Exercise aim »
What you should give back is a precise copy of the lines below from the one containing "Łyżwy AMARETTO II" through the one containing "Здесь установлен SSD", with no pictures.

Data shown »
####################
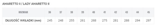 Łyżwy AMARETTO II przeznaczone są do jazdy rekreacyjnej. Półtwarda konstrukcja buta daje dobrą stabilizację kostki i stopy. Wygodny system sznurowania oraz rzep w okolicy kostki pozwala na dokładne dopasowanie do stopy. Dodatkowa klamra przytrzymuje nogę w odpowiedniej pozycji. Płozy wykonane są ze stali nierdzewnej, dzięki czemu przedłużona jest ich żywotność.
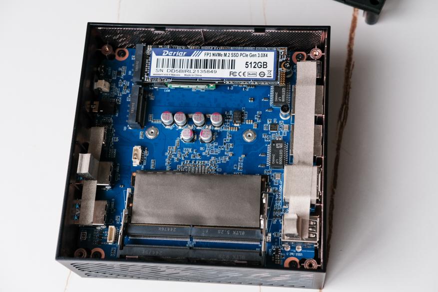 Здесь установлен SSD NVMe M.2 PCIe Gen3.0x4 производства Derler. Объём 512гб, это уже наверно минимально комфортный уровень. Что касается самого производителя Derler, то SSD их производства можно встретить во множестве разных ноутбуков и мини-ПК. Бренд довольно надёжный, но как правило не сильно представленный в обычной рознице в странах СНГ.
####################
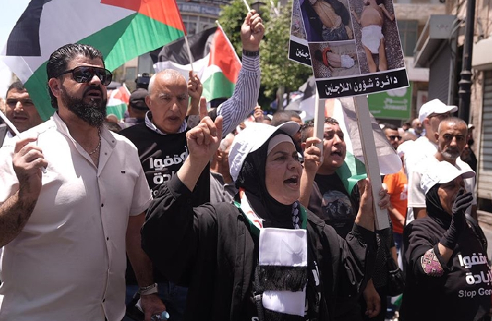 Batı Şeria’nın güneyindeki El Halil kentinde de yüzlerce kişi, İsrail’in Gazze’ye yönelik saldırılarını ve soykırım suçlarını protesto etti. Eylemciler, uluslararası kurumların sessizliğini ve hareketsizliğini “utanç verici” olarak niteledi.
####################
Solution for this exercise »
 Łyżwy AMARETTO II przeznaczone są do jazdy rekreacyjnej. Półtwarda konstrukcja buta daje dobrą stabilizację kostki i stopy. Wygodny system sznurowania oraz rzep w okolicy kostki pozwala na dokładne dopasowanie do stopy. Dodatkowa klamra przytrzymuje nogę w odpowiedniej pozycji. Płozy wykonane są ze stali nierdzewnej, dzięki czemu przedłużona jest ich żywotność.
 Здесь установлен SSD NVMe M.2 PCIe Gen3.0x4 производства Derler. Объём 512гб, это уже наверно минимально комфортный уровень. Что касается самого производителя Derler, то SSD их производства можно встретить во множестве разных ноутбуков и мини-ПК. Бренд довольно надёжный, но как правило не сильно представленный в обычной рознице в странах СНГ.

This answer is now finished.